Voice AI for Customer Support in 2026: What Real-Time...

When OpenAI shipped the first Realtime API in late 2024, low-latency speech-to-speech with a frontier model felt like a glimpse of the future. Eighteen months later, that future is just how voice AI works. Every major provider - closed and open - now offers real-time audio, sub-second turn-taking, and emotional prosody that most callers cannot tell apart from a human agent.

For customer support teams, this is the inflection point. Voice channels that used to mean an IVR tree and a 12-minute hold queue can now route to an AI agent that understands the question, looks up the order, processes the refund, and books the follow-up call - all in one continuous conversation. This post walks through what voice AI looks like in May 2026, what it means for support, and how to actually ship one without burning a quarter of engineering time.

What changed since the first Realtime API

The original idea was simple: instead of stitching together speech-to-text, an LLM, and text-to-speech as three separate API calls, run a single bidirectional audio stream against a model that natively handles speech. That eliminated the awkward "...processing..." pause and made interruptions feel natural.
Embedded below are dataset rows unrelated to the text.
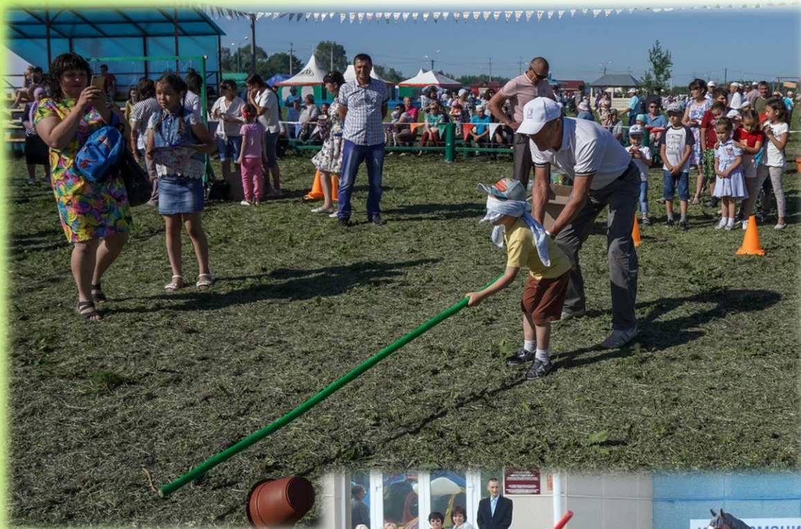
г. Серов 2019 год

с завязанными глазами при помощи палки необходимо разбить глиняные горшки стоящие на земле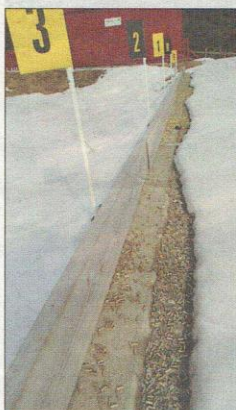
TOMHYLSER: Standplass med tomhylser etter vintersesongen hos MjøsSki.

Beslutningen er positiv fordi Fylkesmannen anser det sannsynlig at bruken av skytebanen vil forårsake blyforurensning av grunnvannet og vassdraget (Stokkerelva, Åstaddammen og Neselva).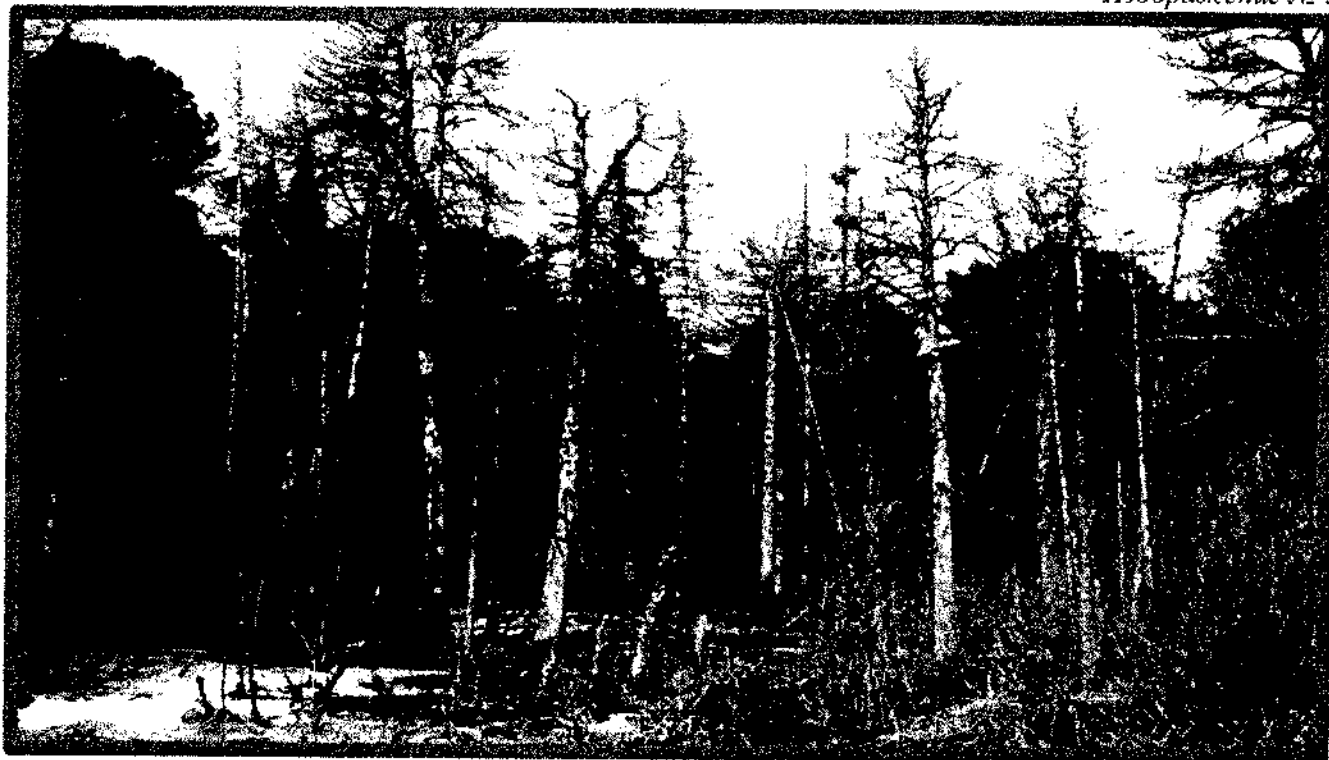
Изображение № 4 Сухостойное дерево. Не является валежником Изображение № 5

Кроме того, необходимо обратить внимание, что деревья, которые лежат на земле, но не имеют признаков естественного отмирания (имеют зеленую листву или хвою), определять как «мертвые» не допускается (смотри изображение № 5).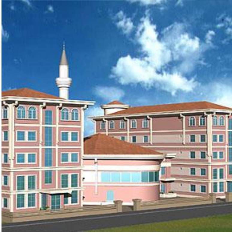
Korça, Abdullah Zemblaku erkek medresesi kompleksi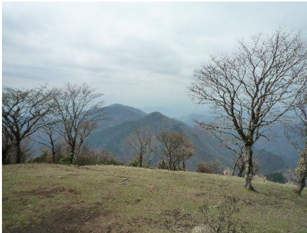
(まあまあのお天気ですね)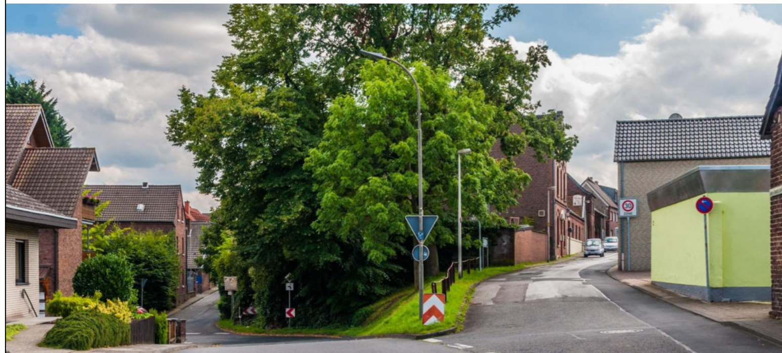
Ansicht „Bergdorf“ Gohr/ Widok "górska wioska" Gohr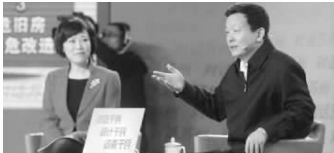
《对话苏州》节目现场,苏州市委副书记、市长周乃翔(右)与百姓“面对面”交流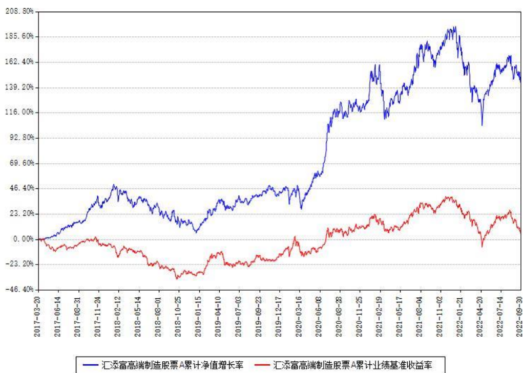
汇添富高端制造股票A累计净值增长率与同期业绩基准收益率对比图

Today, that architecture is table stakes:

OpenAI's GPT-5.5 stack powers the current Realtime API with parallel reasoning, meaning the model can think about a tool call (like checking inventory) while the conversation continues. Latency on first audio is well under 300ms in most regions.
Google's Gemini 3.1 Ultra is natively multimodal across text, image, audio, and video - a single model handles a customer who shares a photo of a damaged product mid-call without handing off to anything else. Its 2M-token context lets a long, branching support call carry full session memory.
Anthropic's Claude Opus 4.7 and Sonnet 4.6 ship with a 1M-token context window at no surcharge, plus the strongest tool-use reliability on the market - the combination most production support teams want when AI Actions are doing real work.
Open-weight contenders have caught up faster than most expected. DeepSeek V4 Flash at $0.14/$0.28 per million input/output tokens makes voice-channel routing economics work even at high volume. Moonshot's Kimi K2.6 ships with native video input and agentic loops that can run for hours. Z.ai's GLM-5.1 and Alibaba's Qwen 3.6 family bring MIT/Apache-licensed weights that can run fully on-prem for regulated industries.
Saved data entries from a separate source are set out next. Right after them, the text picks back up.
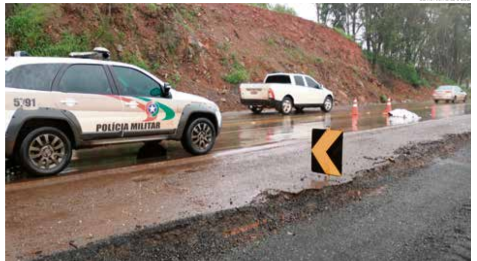
Polícia Militar auxiliou no trânsito, que ficou bloqueado no local do acidente

o tipo de veículo que provocou o atropelamento, já que o mo-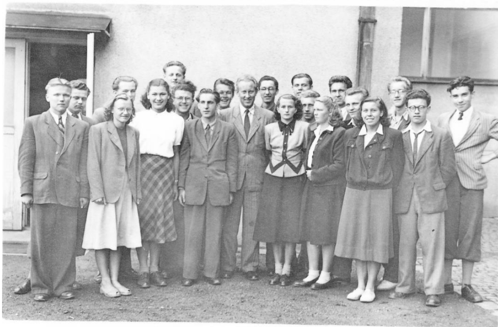
Třída IV. A – neúplná v závěru školního roku 1948/49;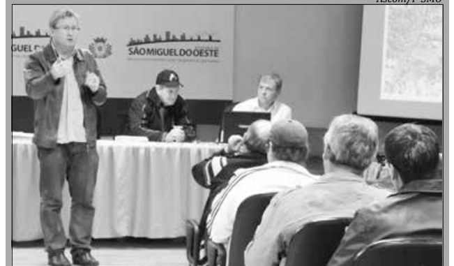
Participaram desta audiência cerca de 30 famílias, moradoras da Chácara nº 26, próximo ao Caic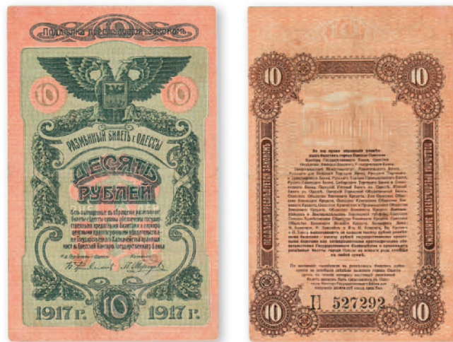
Разменный билет г. Одессы. 10 руб. 1917 г. 94x150 мм

Одесские деньги получили свободное хождение также в Николаеве, а затем почти во всей Херсонской губернии, включая Приднестровье. В самой Одессе местные боны 1917-1918 гг. предпочитали деньгам других правительств и продолжали пользоваться ими вплоть до оставления города белыми войсками в феврале 1920 г.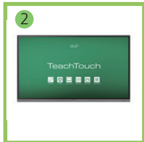
Интерактивная панель TeachTouch 7.0.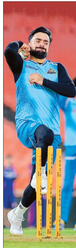
अहमदाबाद में अभ्यास सत्र के दौरान गुजरात टाइटंस के राशिद खान।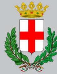
Comune di Padova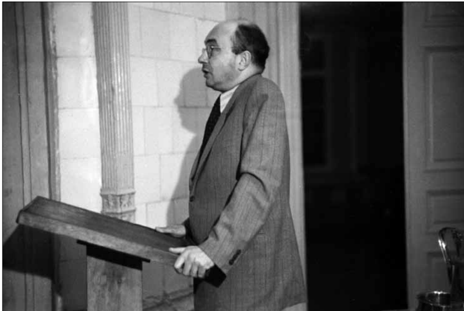
М. П. Бажан виступає на мітингу в Спілці письменників України . Київ, 3 вересня 1953 р.

The practical takeaway: a voice support agent in 2026 is not a single-model decision. It is a routing decision, where simple intents go to a fast open-weight model and complex escalations get the frontier reasoning they actually need.

What a voice agent can actually do for support

The vocabulary has shifted from "voice assistant" to "voice agent" for a reason. The earlier generation could answer questions; the current generation can act on them.

Resolve, don't just respond

A 2024-era voice bot might tell a customer "I see your order shipped on the 12th." A 2026 voice agent on Berrydesk, configured with AI Actions, can pull the order from your commerce platform, see that it was delayed, apologize specifically for the delay, offer a discount code that fits your refund policy, apply it to the customer's account, and email a confirmation - all inside a 90-second call. The model handling that flow needs reliable tool-use, which is exactly where Claude Opus 4.7, GPT-5.5, Kimi K2.6, and Qwen 3.6 are now solid.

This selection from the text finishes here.